Jacques Salomé La «vivance» est ce que j’appelle l’élan, le rayonnement, la lumière intime qui nous habite et qui émane de nous à certains moments. C’est elle qui nous fait mieux ressentir nos émotions, nos sentiments et qui va permettre de renforcer la confiance que nous avons en nous, stimuler ainsi nos relations qui se tissent durant notre existence.
La vivance de la vie (ou de la relation amoureuse) nous donne le sentiment d’être plus vivants, de mieux vivre l’instant présent, comme un présent à soi et à ceux qui nous entourent.
Quel est votre conseil pour se mettre sur le chemin du bonheur plus sereinement? Aurions-nous besoin, même en couple, de plus dialoguer avec nous-mêmes?

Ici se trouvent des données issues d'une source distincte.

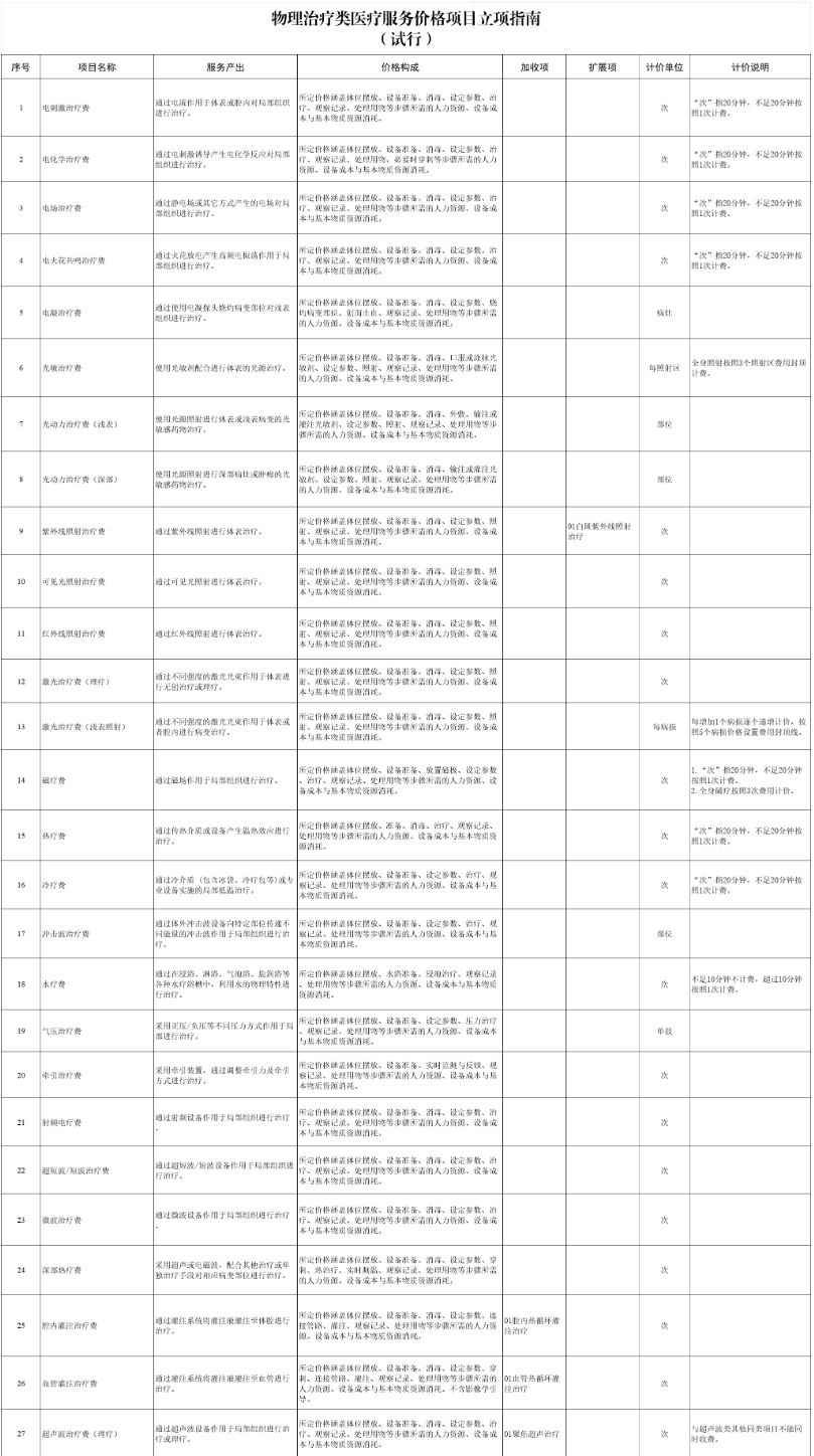 【國家】國家醫(yī)保局印發(fā)《物理治療類醫(yī)療服務(wù)價(jià)格項(xiàng)目立項(xiàng)指南(試行)》

L'apprentissage du bien-être se révèle être un défi permanent. Nous sommes à tout âge, à la recherche ou en attente du bonheur. Le bonheur que nous cherchons plus souvent vers l’extérieur, est présent en nous.
Etre dans l’écoute de soi, une écoute présente permet d’entendre les attentes réelles de notre corps. Elle fait prendre conscience de sa propre façon d’échanger, de partager, de s’approprier, de se confronter ou d’accepter les différences avec ceux qui nous entourent. Elle nous renvoie à se confronter à nos croyances, à nos certitudes, à nos propres seuils d’intolérance, favorisant ainsi une éthique de vie envers soi-même. Et pourquoi pas l’acceptation d’un changement. Une possible renaissance permettant d’accéder au meilleur de soi, d’en prendre soin et de l’agrandir vers le meilleur de l’autre.
Je rappelle que dans un couple, vouloir posséder l’autre ou se donner à lui, c’est parfois oublier que notre partenaire est un être diffèrent de nous. Mieux l’écouter, éviterait souvent bien des souffrances.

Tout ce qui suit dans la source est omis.